Ideally, use a mixture of calcium and magnesium given IV, with additional magnesium given SC. Preventive intraruminal boluses can be given at risk periods to provide continuous release of magnesium, with magnesium oxide added to water troughsor applied as drench at a rate of 60g/day.

Hypophosphataemia

Phosphorus is maintained under homeostatic regulation through absorption from the diet and reabsorption from bone. It is used for bone and muscle growth, with late gestation fetuses requiring as much as 10g per day for growth. Blood phosphorus levels should remain above 1mg/dl.

Hypophosphataemia is strongly linked with hypocalcaemia, as the increase in PTH triggered by low calcium levels results in increased urinary and salivary loss of phosphorus. Along with this, high cortisol levels, such as those produced by high-stress events, also forces phosphorus into cells, thereby reducing its availability in the body.
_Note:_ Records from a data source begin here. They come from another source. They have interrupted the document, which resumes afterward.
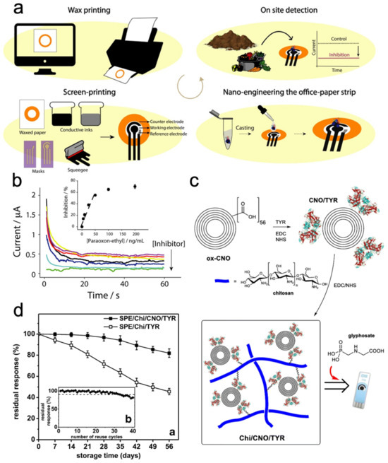 Printed soil amperometry sensors. (a) The illustration depicts the fabrication process, sample test procedure, and signal response of an office paper-based screen-printed enzyme-inhibition amperometric Sensor designed for detecting Organophosphate pesticides; (b) The recorded chronoamperometric data ranges from 0 to 200 ng/mL of paraoxon-ethyl. The inset displays the calibration curve using the same concentration of the inhibitor; (c) the manufacturing process of the Chi/CNO/TYR modified screen-printed sensor utilized for detecting glyphosate herbicide; (d) residual activity graphs demonstrate enhanced stability and repeatability of the sensor with the addition of the nanomaterial CNO. (a,b) Reproduced with permission. Copyright 2021 [53], American Chemical Society. (c,d) Reproduced with permission. Copyright 2019 [77], Springer.
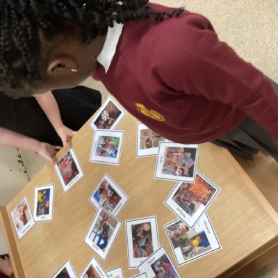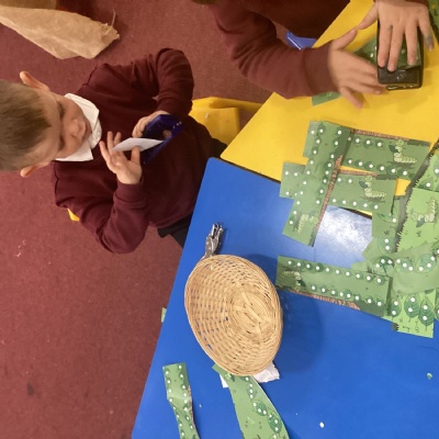 Our ‘Finding a Friend’ story map was cut into sections. We worked together to put the sections back in the right order and used them to retell the story.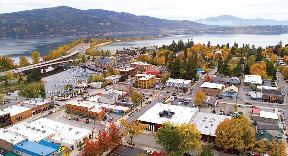 An aerial photograph of downtown Sandpoint in fall. Courtesy William Greenway.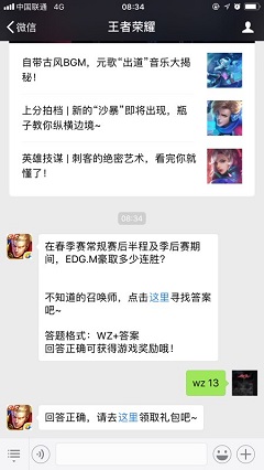 在春季赛常规赛后半程及季后赛期间,EDG.M豪取多少连胜?这是王者荣耀微信公众号上2018年7月7日每日一题问题,今天的答案可是有点难度的哦,小编这就为大家分享下在春季赛常规赛后半程及季后赛期间,EDG.M豪取多少连胜答案,希望对大家有帮助。2018王者荣耀7月7日一题问题在春季赛常规赛后半程及季后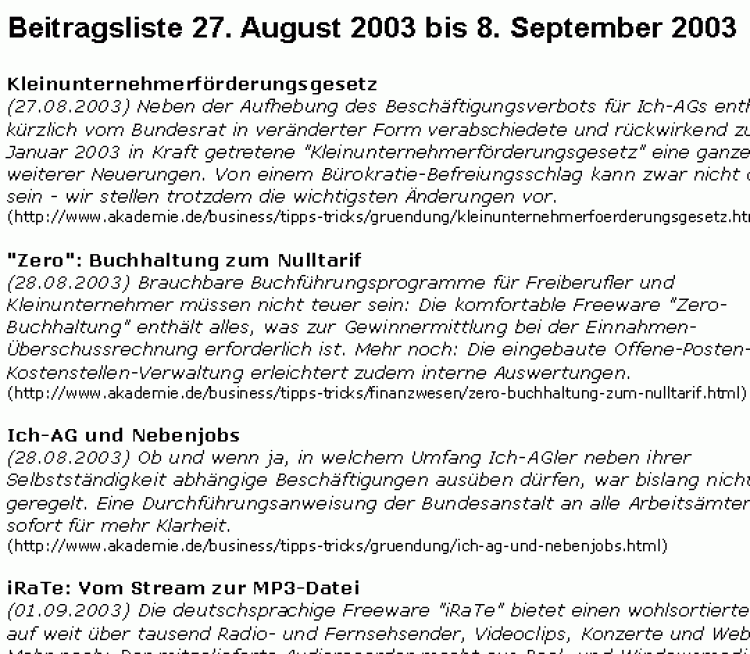 Am Beispiel eines kleinen Auszugs aus einer Datenbank mit Informationen über akademie.de-Beiträge wollen wir Ihnen zeigen, wie eine solche Liste zustande kommt. Ausgangspunkt ist folgende Tabelle mit 4 Feldern, denen Informationen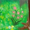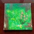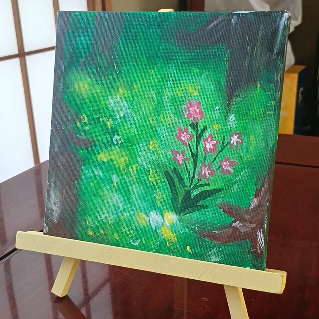 サイズは150×150×10mmのキャンバスでアクリル絵の具画です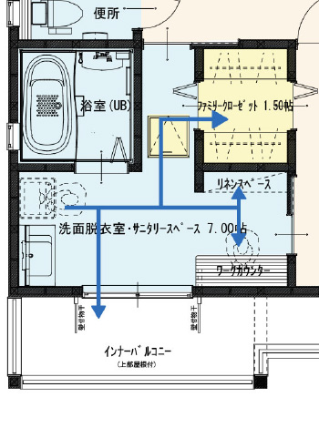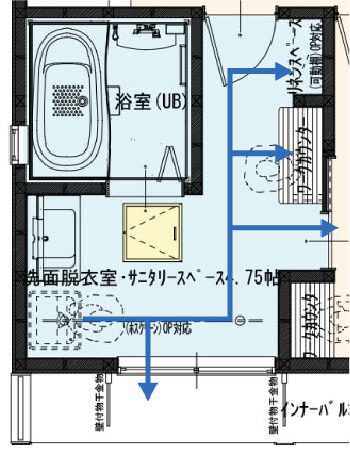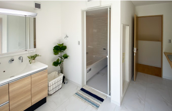 身支度動線は各自の部屋と水回りが近いとラクに感じると言われています。2階フロアに洗面・浴室があるプランはお出かけや就寝までの動線が短く機能的です。

It is quite uncommon to see cattle that are purely hypophosphataemic and it is generally always accompanied by dysregulation of calcium metabolism.

The main clinical presentation associated with hypophosphataemia is generally that of a recumbent cow that is otherwise bright and may still be eating, but unable to rise. Treatment of this condition generally focuses around correction of calcium levels, with additional use of oral phosphorus drenches.

Other phosphorus-containing products are available, but it is important to check they contain biologically metabolisable sourcesof phosphorus (PO4) for them to be used by the cow, and not PO2 or PO3, butafosfanor toldimfos, as these forms have to be converted to PO4 before they can be used (GrÜnberg, 2014).

Conclusion

Although the descriptions of these metabolic disorders has focused heavily around their occurrence in dairy cattle, all these conditions can, and do, affect beef cattle, too. The risk factors remain the same, although animals may not be detected until clinical signs are more advanced due to the lower level of human supervision these animals receive.

Preceding treatment of these animals, blood collection for biochemical analysis can be useful to confirm a diagnosis post-treatment or establish a diagnosis when initial treatment strategies appear to have been unsuccessful. This is especially true for the apparent down cow unable to rise following treatment for presumed metabolic disturbances.

Prompt treatment of these metabolic conditions often has a high clinical success rate, but the “silent” losses in the form of reduced productivity are often unmeasured and unappreciated. Farms suffering higher-than-expected levels of metabolic disease should be encouraged to invest in preventive strategies, with farm vets and nutritionists being key components of a successful farm team.